Hui Wu, a research associate from the University of Maryland working in a cooperative research program at the NIST Center for Neutron Research, has been investigating a new hydrogen storage compound that mixes lithium amide with lightweight metal hydrides. Lithium amide can hold more than 10 percent of hydrogen by weight, well above the 6 percent target set by the U.S. Department of Energy as a 2010 goal for a hydrogen storage material for transportation. The material absorbs and releases hydrogen reversibly, but both absorbing and releasing the hydrogen requires high temperatures and also produces a toxic byproduct, ammonia.

Metal hydrides do also store hydrogen, though not as well, but it’s been shown recently that a combination of the two (lithium amide with lightweight metal hydrides) not only can store large enough quantities of hydrogen but they can also release it at lower temperatures than the lithium amide alone (about 100 degrees Celsius). More than that, they generate much less ammonia.

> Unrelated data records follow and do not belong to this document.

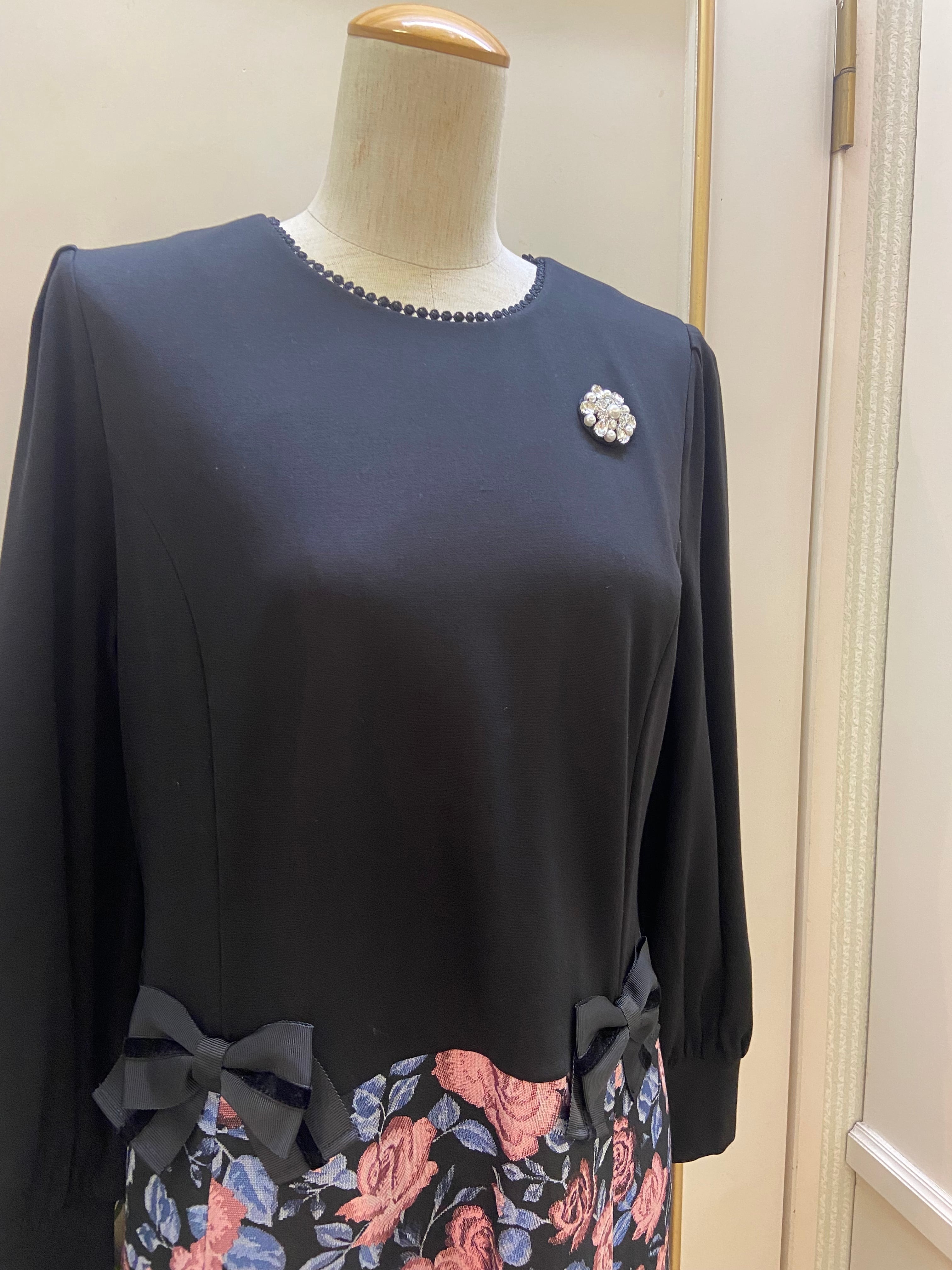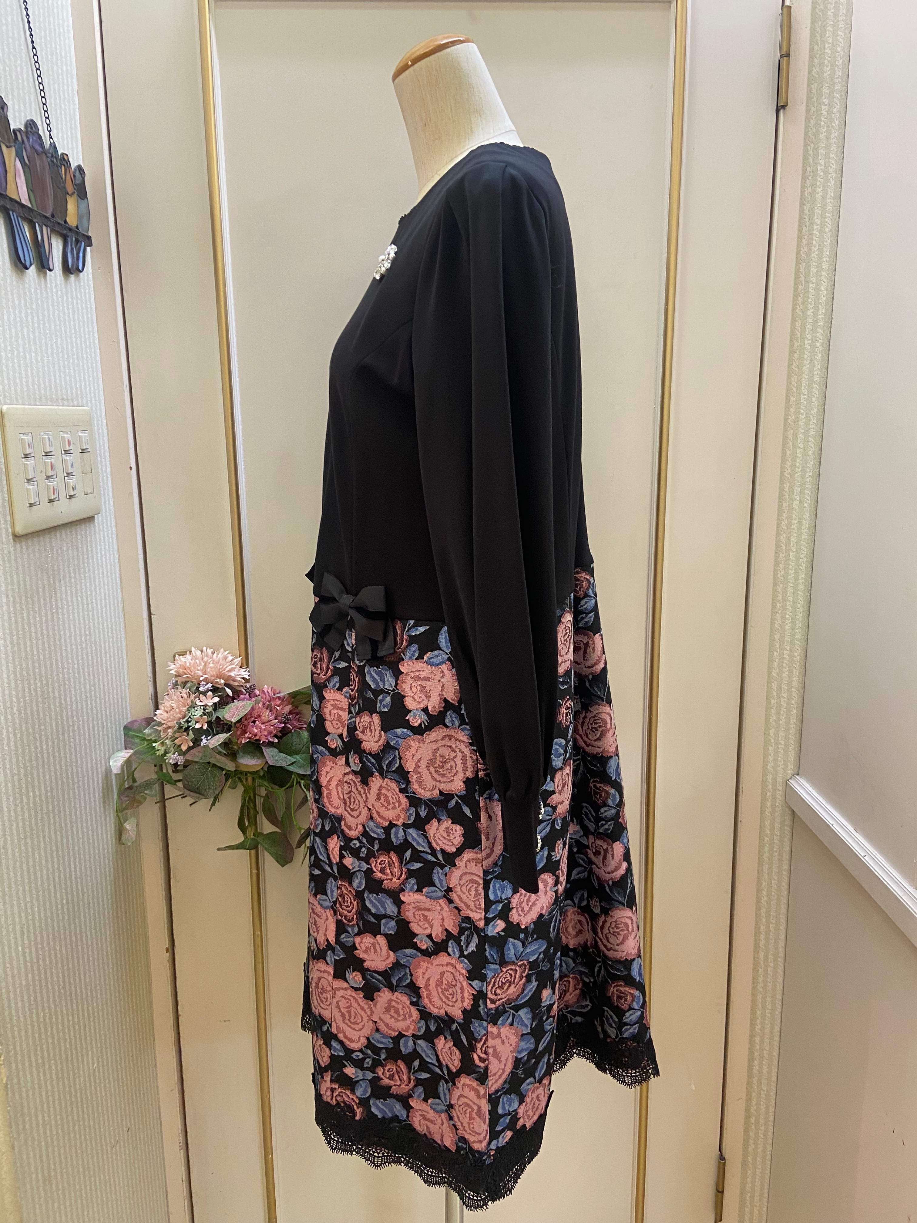 【新作】2526009 スーパービューティー 花柄ジャガード織切替ワンピース
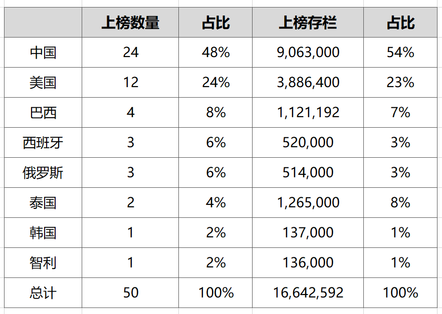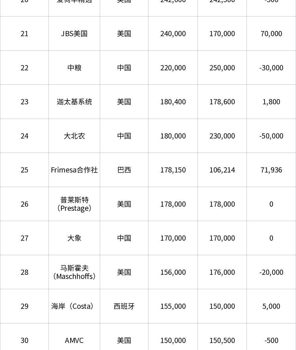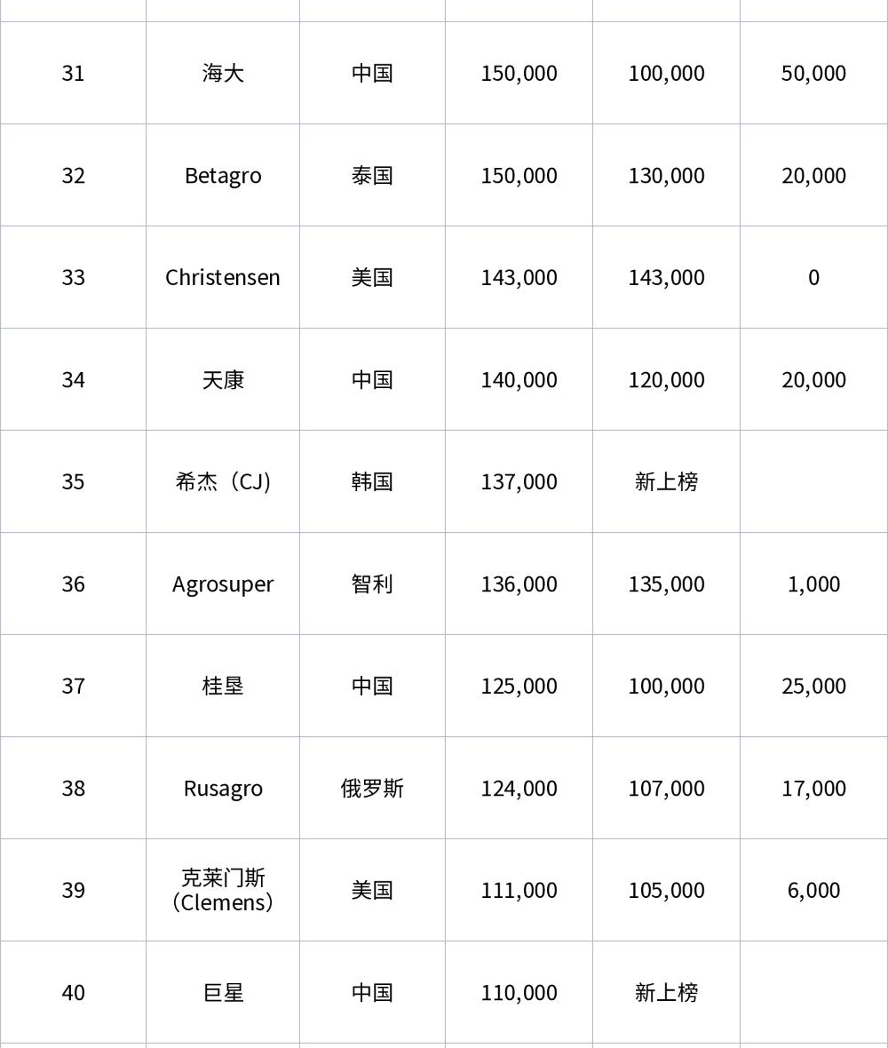 榜單總共涵蓋8個國家的50個公司共16,642,592頭母豬,其中中國24家、美國12家、巴西4家、西班牙3家、俄羅斯3家、泰國2家、韓國1家、智利一家。
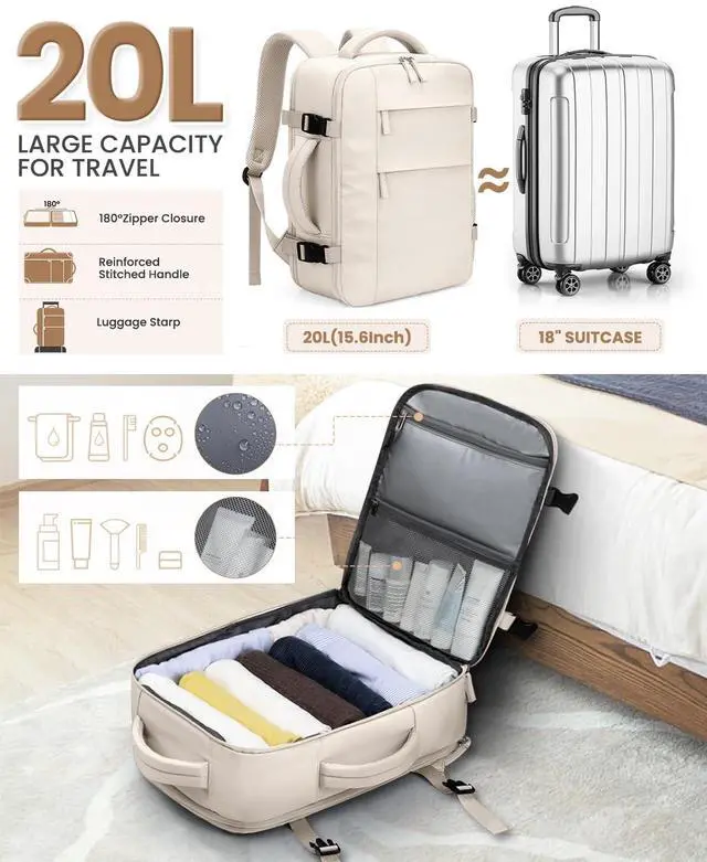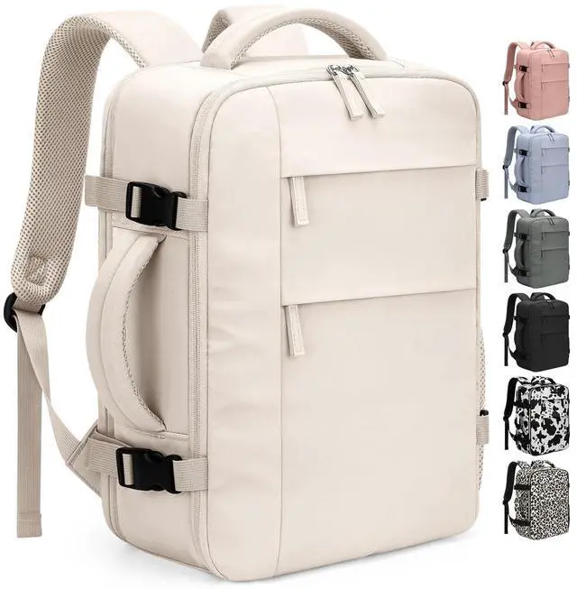 Pritent Travel Backpack for Women Man, Waterproof Personal Item Travel Bag Airline Approved Laptop Backpack Bookbag Weekender bags for Business,Travel, Work Fits 15.6 inch Laptop(Medium,Beige)

To understand how the process works, Wu used neutron analysis to figure out the atomic structure of the material, which she saw it consists of layers of calcium between which lithium ions travel very quickly. The easy travel allows the material to transfer the hydrogen at lower temperatures. Also, the hydrogen ions from the amide and hydride mixture combine pretty easy and release the contained hydrogen at lower temperatures without creating very much ammonia.

Wu explains: “I found that the mobility of small ions in the mixed amide-hydride system greatly improves hydrogen storage properties” . “This finding helps us understand how hydrogen travels in and out of these systems and that may lead to a rational development of better materials for hydrogen storage.”

These storage systems are also a step ahead towards hydrogen vehicles, but there are still methods of producing it on demand. Those are to be studies more and humanity will benefit much more from them than from any other.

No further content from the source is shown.